Newsletter: Toxic Algae Linked to ALS, Alzheimer’s

By Peter Girard

This summer’s toxic algae blooms may have far-reaching health implications that radically alter the debate over water management in South Florida.

Public health concerns came up frequently at last week’s Everglades Coalition annual conference, including building evidence that exposure to toxic blue-green algae blooms can be linked to increased cancer rates and neurological diseases like ALS and Alzheimer’s. Worse, touching the water – even when algae aren’t visible – and even breathing near the shore may expose people to deadly toxins whose affects can take years to surface.

One audience member put it bluntly to a panel including the University of Miami’s Dr. Larry Brand: Do we have to wait 20 years for an epidemic of liver cancer to acknowledge the seriousness of this problem?

 Cyanobacteria in the St. Lucie

The answer is not necessarily “yes.” Although state officials were conspicuously absent from the conference for the first time in years, scientists and engineers from federal agencies repeated their willingness to speed up the planning and work to reduce discharges by storing and treating water south of the lake. Yesterday a Florida Senate subcommittee held a workshop to discuss buying land for the project, the centerpiece of Senate President Joe Negron’s proposal to cut the discharges.

Dr. Thomas Van Lent of the Everglades Foundation explained at the conference that no other solution can be practically expected to work, and that work on Everglades restoration is legally required to prioritize reducing discharges. The US Army Corps of Engineers’ Brig.-Gen. David Turner and Col. Jason Kirk reiterated their willingness to move faster on southern storage – but not without cooperation from the state of Florida.

The South Florida Water Management District responded by attacking the science and the plan. This was no surprise.

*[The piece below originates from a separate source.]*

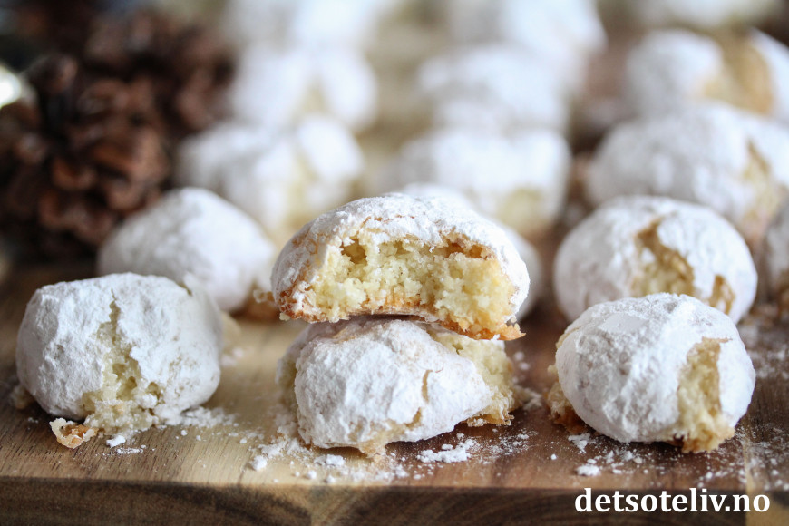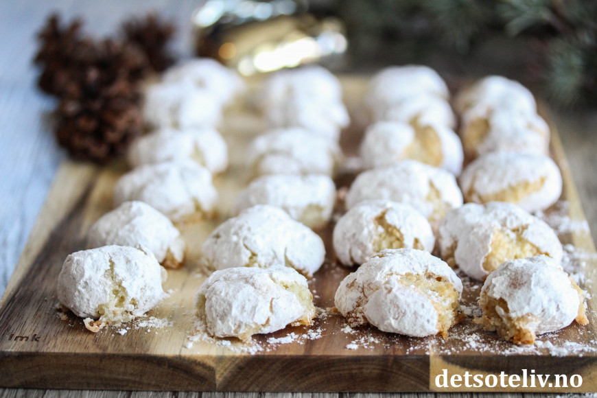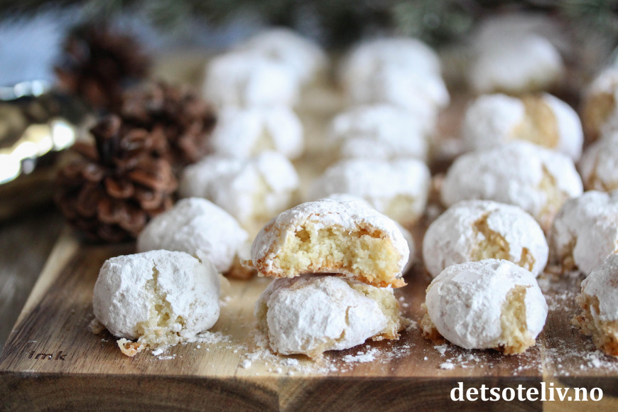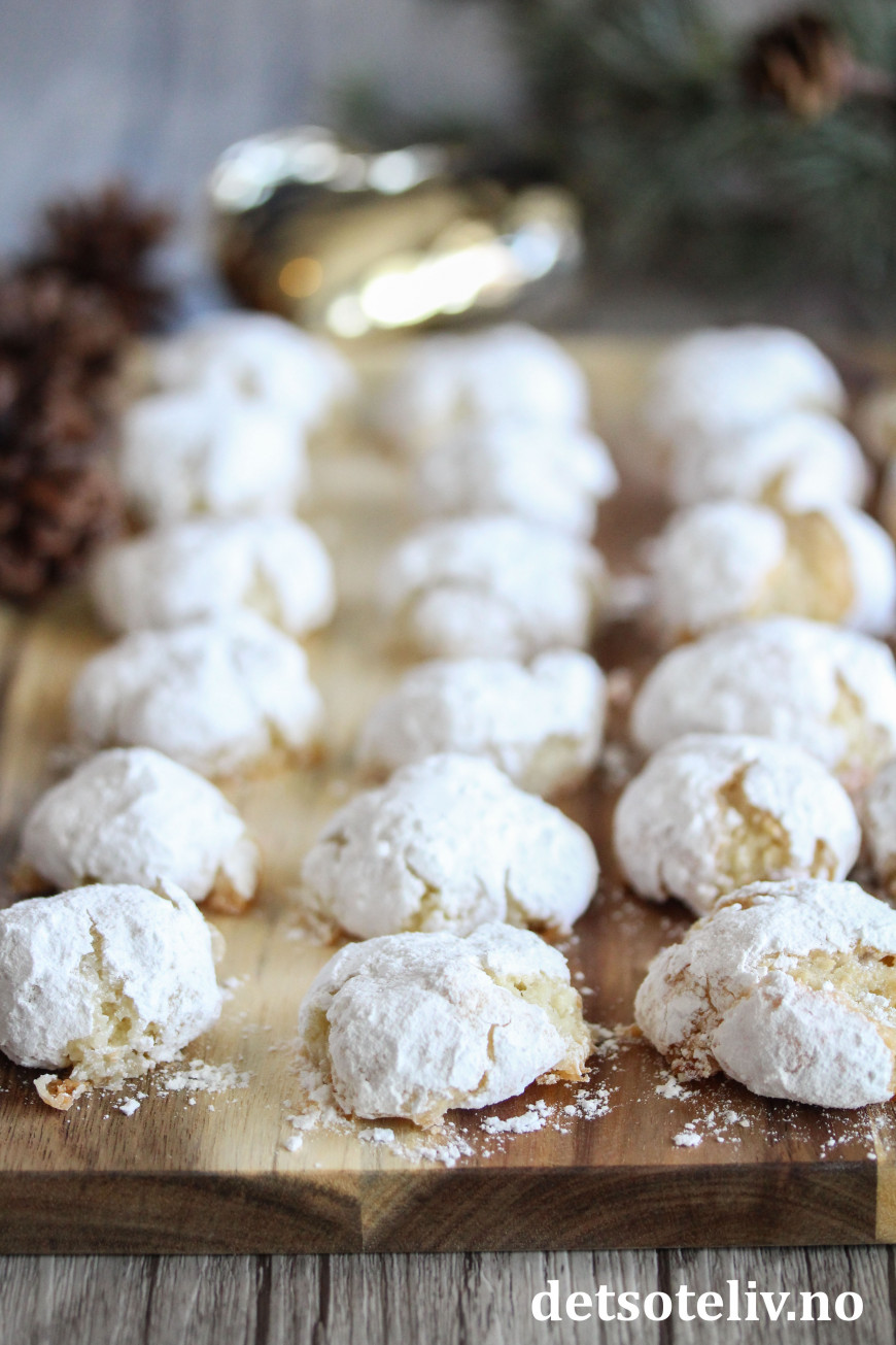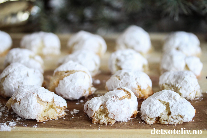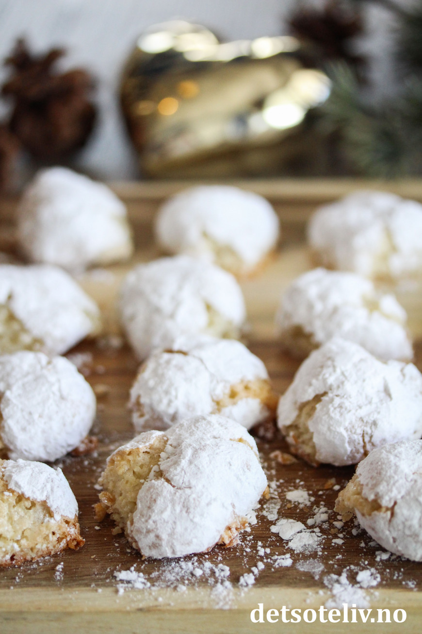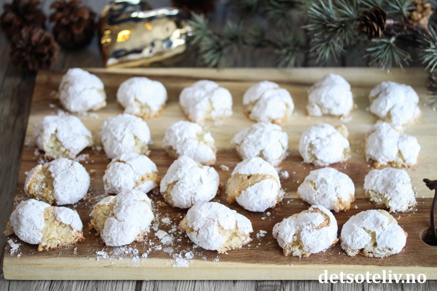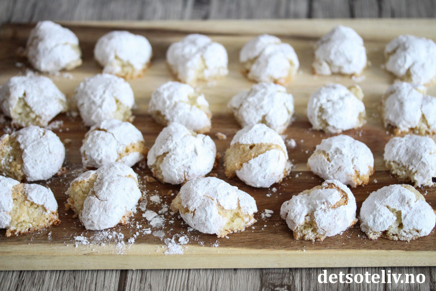 Sett kulene på bakepapirdekkede stekeplater og stek dem midt i ovnen ved 150 °C i ca. 25 minutter. Det er helt normalt at kakene sprekker opp under stekingen.

Rick Scott’s appointees to the SFWMD board are increasingly aligned with the sugar industry, and increasingly hostile to the solution that scientists insist is the only real way to reduce toxic discharges: a dynamic reservoir and systematic water treatment in the Everglades Agriculture Area.

As more findings emerge connecting the toxic algae discharges to life-threatening cancers, brain and nervous system disorders, the state’s position moves closer to willfully exposing nearly a million people on both coasts to a spectrum of known toxins. The human health costs could be staggering.

We haven’t seen a draft of Sen. Negron’s bill, but we adamantly support the scientists and federal authorities calling for quick action to acquire the necessary land and begin the project to reduce these discharges. One comment at the conference captured it grimly: This is our Flint. We can’t let it stand.